Work required
Beginning with the top line of the listing below, give again every line up to and including the line with "如果你是一名自闭症孩子家长,当你打开大米"; pictures do not belong in the copy.

Information shown
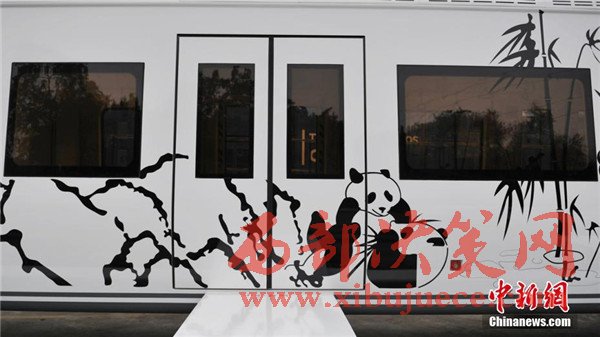 記者在現(xiàn)場看到,正式下線的空鐵車身為卡通熊貓山水圖案,酷似“熊貓”,每列定員144人,時(shí)速最高可達(dá)65公里。列車采用“大容量動(dòng)力蓄電池充放電控制技術(shù)”,通過實(shí)現(xiàn)高倍率放電,提高列車起動(dòng)加速性能及對(duì)極限環(huán)境的適應(yīng)性,同時(shí)能將400千瓦的電制動(dòng)功率全部用于動(dòng)力電池快速充電,實(shí)現(xiàn)制動(dòng)能量回收再利用,延長蓄電池續(xù)航里程達(dá)120千米。圖為車身外繪制有熊貓山水圖案。
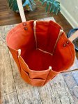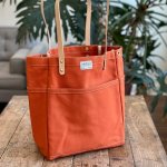 A classically styled project bag crafted from 14 oz duck canvas and vegetable-tanned leather. Designed to stand upright for easy access, with generous front and side pockets to keep tools organized. Hem grommets accommodate yarn or an optional shoulder strap. Accessories shown in product images (yarn tender, tote organizer, etc.) are available separately. Dimensions: 13.5" tall x 11.5" wide x 7" deep Handle Drop: 10.5" Weight: 1.25 lbs
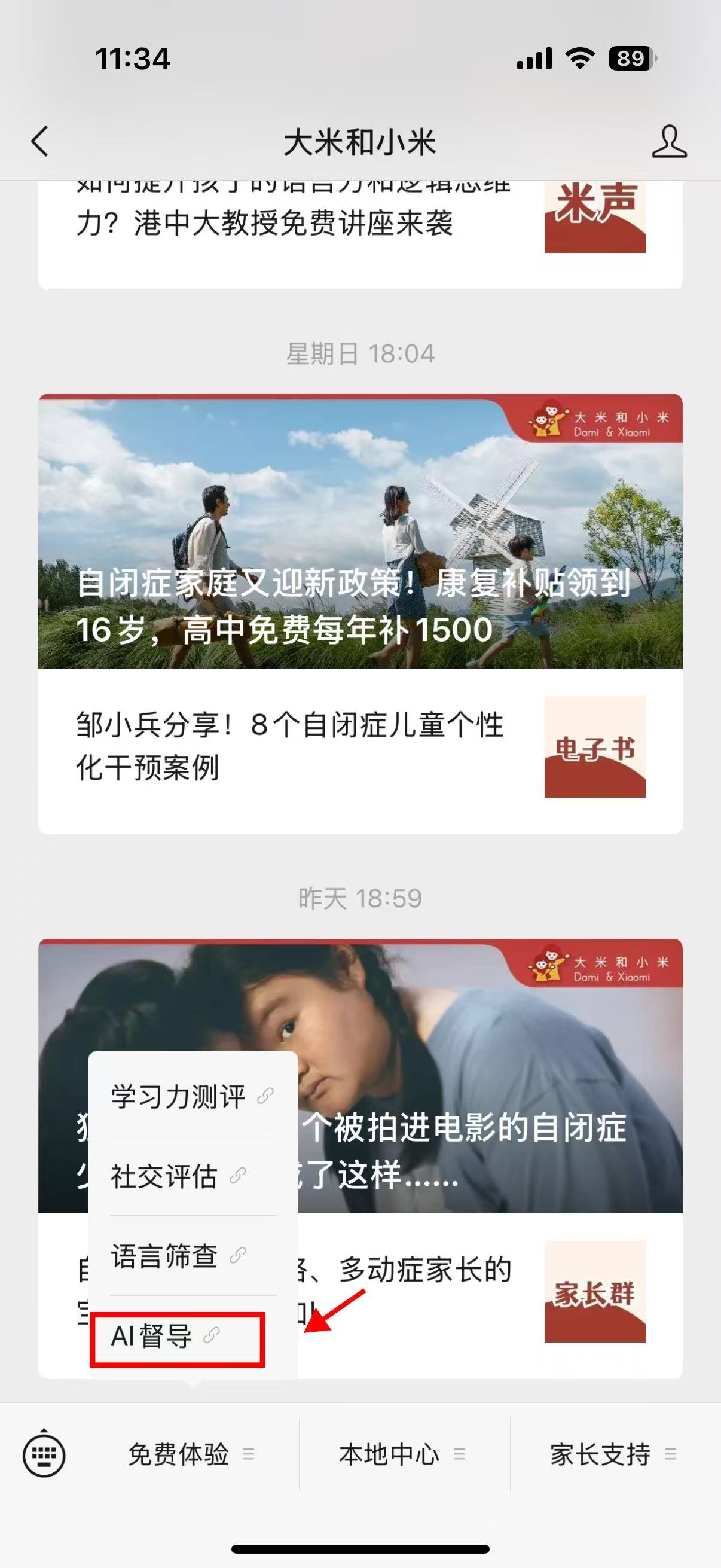 如果你是一名自闭症孩子家长,当你打开大米和小米AI督导,你可以在家拥有一名超过10年经验的督导,帮助你在家给孩子干预。
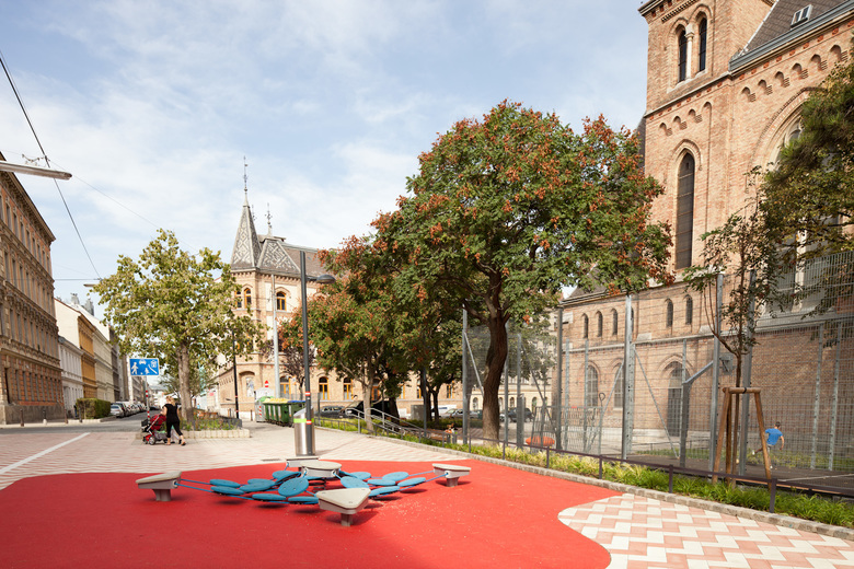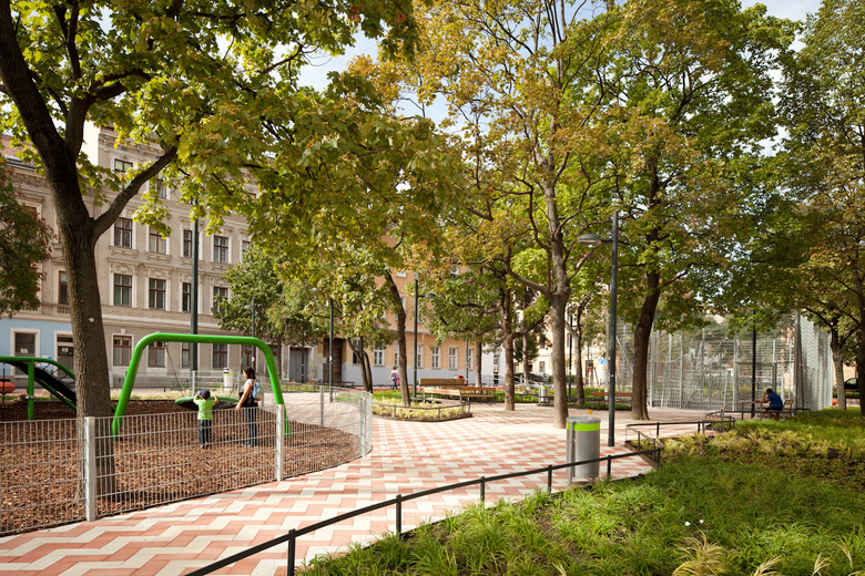 Als Zusammenhalt des Familienplatzes fungiert ein zweifärbiger Belag in Fischgrätmuster. Dieser verleiht dem Ort einen freundlichen Charme. Ein hochwertiges Möbelstück aus Eichenholz zum Sitzen und Loungen wurde speziell für das Projekt entworfen. Die Planung erfolgte unter Beteiligung der AnrainerInnen.

Output for this exercise
 記者在現(xiàn)場看到,正式下線的空鐵車身為卡通熊貓山水圖案,酷似“熊貓”,每列定員144人,時(shí)速最高可達(dá)65公里。列車采用“大容量動(dòng)力蓄電池充放電控制技術(shù)”,通過實(shí)現(xiàn)高倍率放電,提高列車起動(dòng)加速性能及對(duì)極限環(huán)境的適應(yīng)性,同時(shí)能將400千瓦的電制動(dòng)功率全部用于動(dòng)力電池快速充電,實(shí)現(xiàn)制動(dòng)能量回收再利用,延長蓄電池續(xù)航里程達(dá)120千米。圖為車身外繪制有熊貓山水圖案。
 A classically styled project bag crafted from 14 oz duck canvas and vegetable-tanned leather. Designed to stand upright for easy access, with generous front and side pockets to keep tools organized. Hem grommets accommodate yarn or an optional shoulder strap. Accessories shown in product images (yarn tender, tote organizer, etc.) are available separately. Dimensions: 13.5" tall x 11.5" wide x 7" deep Handle Drop: 10.5" Weight: 1.25 lbs
 如果你是一名自闭症孩子家长,当你打开大米和小米AI督导,你可以在家拥有一名超过10年经验的督导,帮助你在家给孩子干预。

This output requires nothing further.